Slightly daft question about marriage


#1

If a couple got married outside of the Catholic Church, and subsequently they both converted to Catholicism would they need a wedding ceremony within the Church to sanctify the union or would their original wedding be enough?

(For the sake of clarity let’s say they’re cisgender, heterosexual, and it’s both their first marriage)


#2

I think their wedding would be valid, since the sacrament of marriage is one that we give to each other (the priest/deacon only presides). Someone else more knowledgeable about marriage will have a better answer.


#3

They need to get their marriage convalidated. Takes an hour. Just go talk to a priest about doing this.


#4

^That’s it.


#5

If they were both not Catholic when they married, then no, they do not need to do anything.

They do not need a convalidation. Their marriage would be valid and, if they were baptized previously or get baptized when they convert, sacramental.


#6

No. It’s not.


#7

This is not correct.


#8

If they were married outside of the church and were not baptized Catholic when they were married then their marriage was valid but not sacramental. To get their marriage in a sacramental state, they would have to have it convalidated. I might be wrong, but I would talk to a priest since this is not a good question to goof up.


#9

“If they were married outside of the church and were not baptized Catholic when they were married then their marriage was valid but not sacramental. To get their marriage in a sacramental state, they would have to have it convalidated. I might be wrong, but I would talk to a priest since this is not a good question to goof up.”
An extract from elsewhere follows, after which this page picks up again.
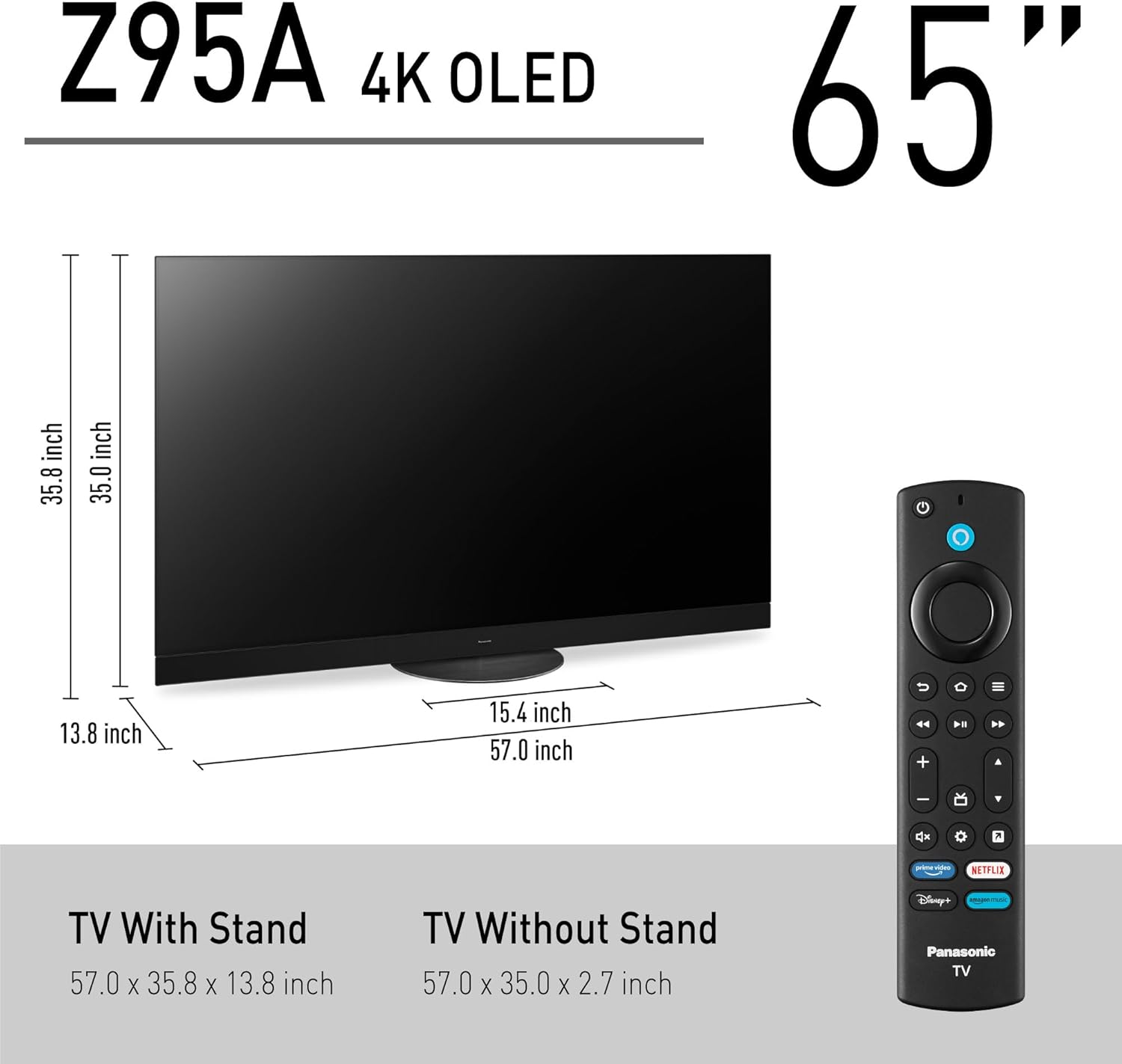 **Specifications:** * **Brand:** Panasonic * **Model:** TV-65Z95AP (2024 Model) * **Display Type:** OLED * **Screen Size:** 65 inches * **Resolution:** 4K Ultra HD * **Refresh Rate:** 144Hz * **HDR Support:** HDR10, HDR10+ Adaptive, Dolby Vision IQ, HLG * **Audio:** 360 Soundscape Pro tuned by Technics, Dolby Atmos * **Smart TV:** Fire TV built-in * **Connectivity:** HDMI2.1, VRR, HFR, AMD FreeSync Premium, NVIDIA G-SYNC * **Features:** * Micro Lens Array * HCX Pro AI Processor MKII * Auto AI Picture Mode * Game Mode Extreme * Hands-Free Alexa * Fire TV Ambient ExperienceWe partner with Amazon and other retailers to provide accurate product information and convenient access to purchase options. As an Amazon Associate we earn from qualifying purchases.

That is not correct. If they were not baptized when they married validly, their marriage becomes sacramental when they are baptized.


#10

Non-Christians contract valid natural marriages. When they are baptized, their marriage automatically become sacramental. Baptized non-Catholics marry sacramentally. Neither needs a marriage convalidation when they become Catholic as their marriages are already valid. This is assuming, as you stated, that this is a first marriage for both, no previous marriages with other living spouses.


#11

Yes, that was my point. :slight_smile:


#12

Sorry, I thought I was replying to the OP.


#13

Are you an Eastern rite Catholic?


#14

Ok oops. I learned something today. ☉ ‿ ⚆


#15

:):grinning:

plus all the other characters


#16

When my dh and I converted we were told that we should have ours convalidated. It was probably considered valid before (we didn’t have to live as brother and sister or anything) but now it is a Sacramental marriage.


#17

Just like DH and I. The Church recognizes non-Catholic valid weddings. In fact, our wedding (long before we became Catholic) was a valid natural marriage at the beginning that became Sacramental when DH was baptized as a non-Catholic Christian.


#18

No. If they were both free to marry, they have a presumed valid marriage.


#19

OP you might want to check with your Priest to be sure.

JulianN sounds like they are right, but I would personally check.


#20

And if your priest tells you to get a convalidation, check with your Tribunal. As @Gingersnaps4 ‘s post shows, even priests can make mistakes!

The mistake might be something as simple as referring to a nuptial blessing as a convalidation.